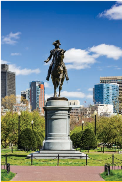
Boston Public Garden
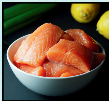
SALMON BUFFET CUT $5.00/QT
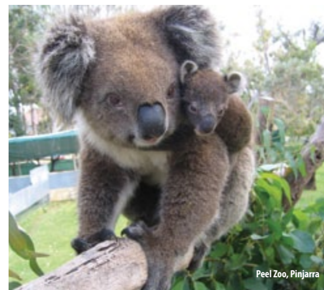
Peel Zoo, Pinjarra

It's worth checking what big productions might be playing at the glorious Mandurah Performing Arts Centre overlooking Mandjar Bay. And of course there's always something fun playing at the cinema complex right next door.
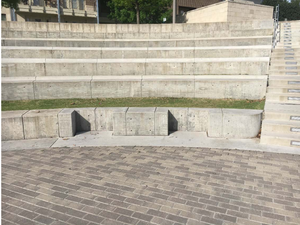
Violation 8 - The accessible seating at the Amphitheater is only 30" wide by 14" deep where a 36" wide and 48" deep companion seating is required to be provided.
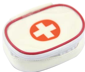
SW1133:PU FIRST AID KIT
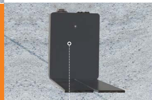
Laser unit Automatic direction control of the measurement device

Operation of the measuring system is easy and convenient. The measuring device can be rolled to the next joint by lowering the retractable transportation wheels. A hinged push handle allows the device to be folded to a compact size for transport.
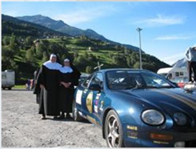
Nuns on the run” - Apparently it’s a long story
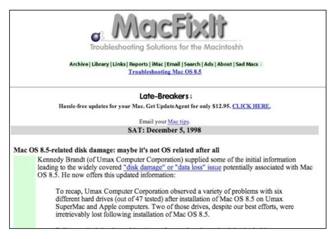
MacFixIt: December 1998

MacFixIt Toolbox Awards. These awards (for best troubleshooting-related software) were first given in December of 1998, and intermittently thereafter. The big winners in this first year were Conflict Catcher and Data Rescue .
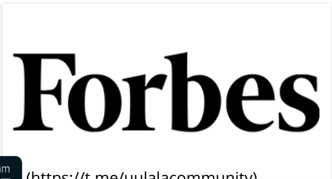
( https://t.me/uulalacommunity ) (single-post.html)
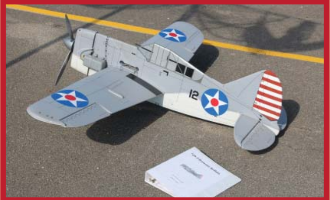
Allen Goff's Brewster F2A Buffalo for Profile Scale.
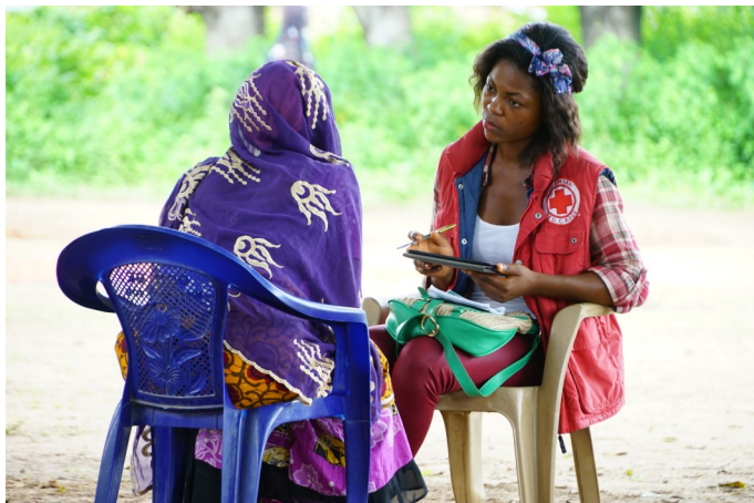
The ICRC trained 3,000 NRCS staff and volunteers on how to assess the needs of communities displaced by the armed conflict or other situations of violence. Community representatives help design our humanitarian response.
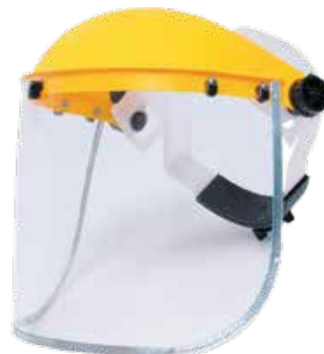
Face Shield with Brow Guard
▬▬▬▬▬▬▬▬▬▬
* **Assignment**
Copy out every entry above word for word; omit the images.

* **Reply to the exercise**
Boston Public Garden
SALMON BUFFET CUT $5.00/QT
Peel Zoo, Pinjarra

It's worth checking what big productions might be playing at the glorious Mandurah Performing Arts Centre overlooking Mandjar Bay. And of course there's always something fun playing at the cinema complex right next door.
Violation 8 - The accessible seating at the Amphitheater is only 30" wide by 14" deep where a 36" wide and 48" deep companion seating is required to be provided.
SW1133:PU FIRST AID KIT
Laser unit Automatic direction control of the measurement device

Operation of the measuring system is easy and convenient. The measuring device can be rolled to the next joint by lowering the retractable transportation wheels. A hinged push handle allows the device to be folded to a compact size for transport.
Nuns on the run” - Apparently it’s a long story
MacFixIt: December 1998

MacFixIt Toolbox Awards. These awards (for best troubleshooting-related software) were first given in December of 1998, and intermittently thereafter. The big winners in this first year were Conflict Catcher and Data Rescue .
( https://t.me/uulalacommunity ) (single-post.html)
Allen Goff's Brewster F2A Buffalo for Profile Scale.
The ICRC trained 3,000 NRCS staff and volunteers on how to assess the needs of communities displaced by the armed conflict or other situations of violence. Community representatives help design our humanitarian response.
Face Shield with Brow Guard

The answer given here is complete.